Though dead more than 30 years, Alfred Hitchcock still works on the public imagination, both as a filmmaker and as a person. Bates Motel, a thriller series premiering March 18 on A&E, looks yet again at Norman Bates, the main character in Hitchcock’s Psycho. (See the front page of this section for a longer consideration of Bates.)
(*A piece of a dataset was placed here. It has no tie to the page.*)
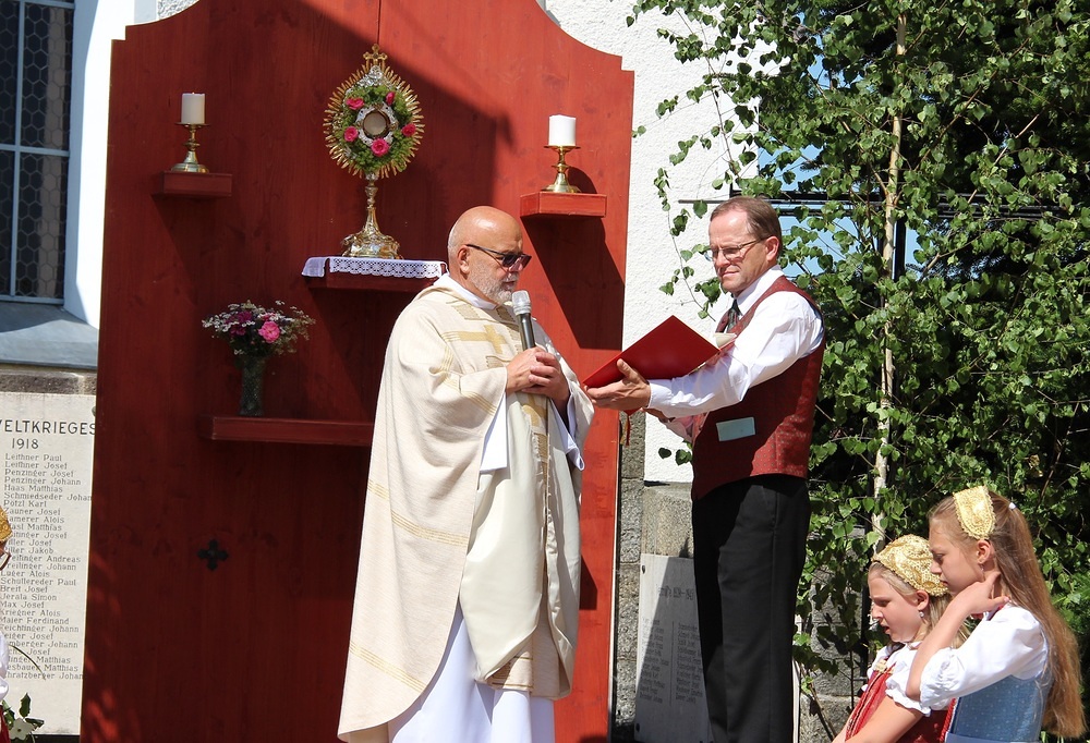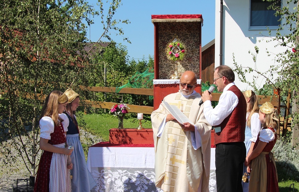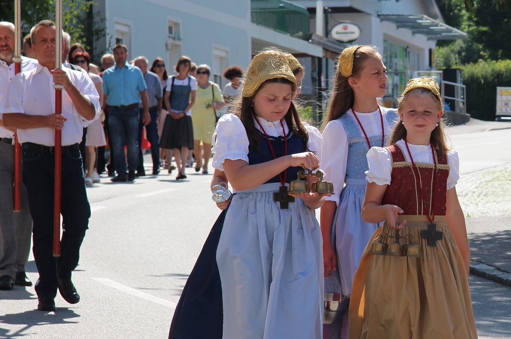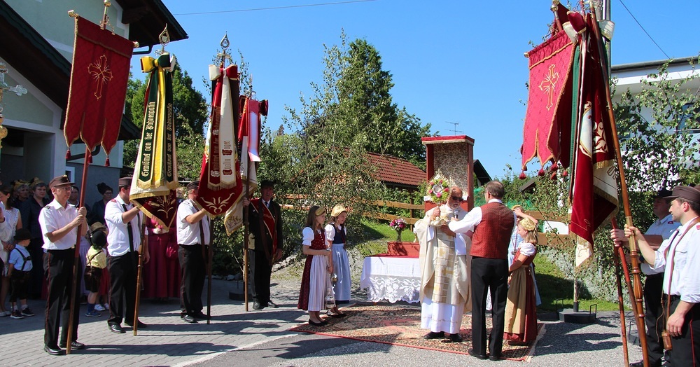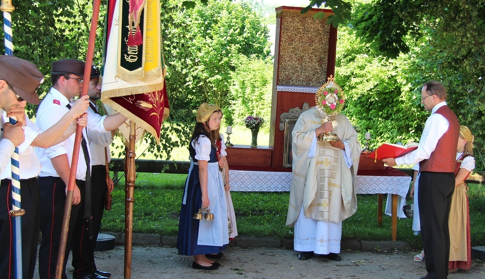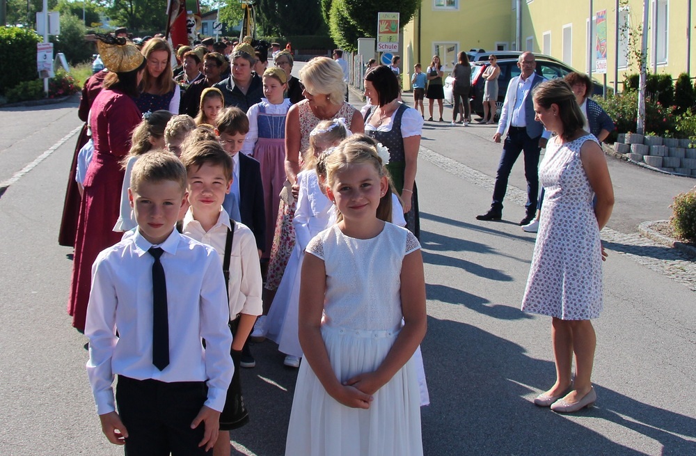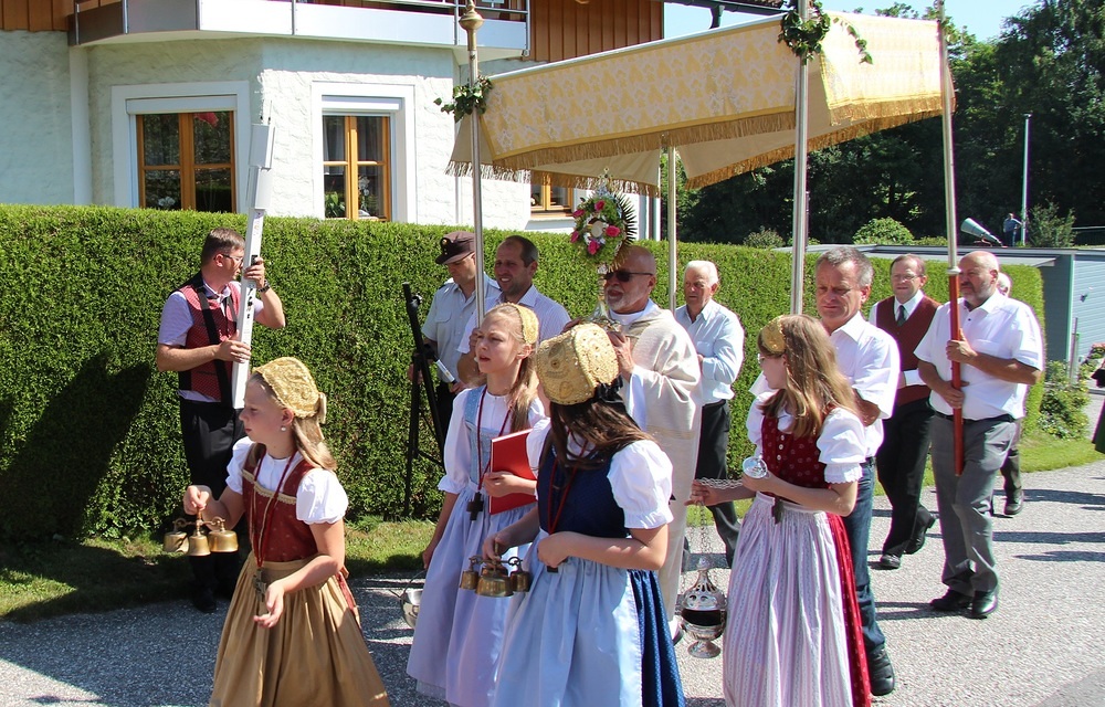BROT VOM HIMMEL hast du uns gegeben! Bei Sonnenschein durften wir heute Fronleichnam feiern, ganz bewusst an einem Sonntag , um an das Abendmahlgeschehen des Gründonnerstags zu erinnern! Viele, viele Kinder, Jugendliche, Familien und Vereine begleiteten Jesus im Heiligen Altarsakrament durch die Wegerl, Gassen und Straßen unseres Heimatsdorf Diersbach ! Danke für dieses Glaubensfest!

Two recent films, the big-screen Hitchcock and HBO’s The Girl, offered views of the man himself, played respectively by Anthony Hopkins and Toby Jones. Fox brings Hitchcock to video on Tuesday ($39.99 for a Blu-ray/DVD combo); at the same time, the studio is releasing a Blu-ray “classic collection” of Hitchcock’s Notorious, Spellbound and Rebecca ($59.99) — each previously released separately.
On the family-viewing side, there’s the animated Rise of the Guardians, about the teaming up of Santa Claus, the Easter Bunny, the Tooth Fairy, Jack Frost and Sandman. Well-received by critics (74 percent rating on Rotten Tomatoes), it was only moderately successful at the U.S. box office — disappointing its studio, DreamWorks — but a bigger hit internationally. It is available as a DVD (DreamWorks, $29.99), a Blu-ray/DVD/digital combo ($39.99), and a package adding the 3-D version ($54.99). Some Easter-themed promotional packaging adds two hopping eggs.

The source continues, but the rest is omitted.